And then the server stores pw0_bytes, pw0_scalar, and basepoint*pw1_scalar, but specifically does not store pw or pw1_scalar.

The server only needs to store pw0_bytes and basepoint*pw1_scalar. Since pw0_scalar is derived from pw0_bytes. Storing pw0_bytes, pw0_scalar*M, pw0_scalar*N and pw1_scalar*basepoint allows the server implementation to work with both SPAKE2+ and SPAKE2+EE and it's less work for the server.

I hesitate to say it, but since we seem to be having such a good time with HKDF, I wonder if we should use it for the final transcript too?
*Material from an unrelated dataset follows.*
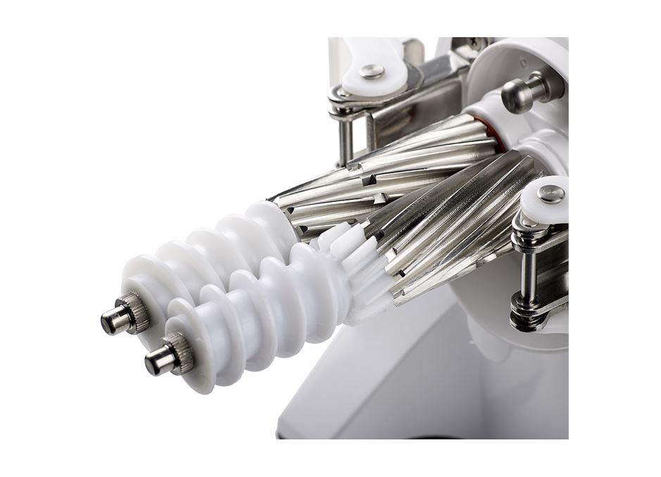 offers quicker assembly, redesigned three stage pressing gears, a safety interlock switch and a whole new look. Greenstar Juicers have always been big and solid and the GSE-5000 Elite is no exception with even bigger ‘Jumbo Gears’ that have been designed to offer a three stage juicing process. The acetate screw section of the jumbo gears has a new profile to offer a mixing stage just before the pressing stage. The manufacturer claims that this is in line with Max Gerson’s juicing theory, where pulp and juice are mixed together before pressing.

Like

  • SPAKE2: HKDF(ikm=sha256(pw)+Z, salt=sha256(idA)+sha256(idB)+X+Y)
  • SPAKE2+: HKDF(ikm=pw0_bytes+Z+N, salt=X+Y)

I'm -0 on that, but I can imagine an argument for consistency. It takes us further away from the published algorithm, though.

I vote for H(...) but I'm also on the fence.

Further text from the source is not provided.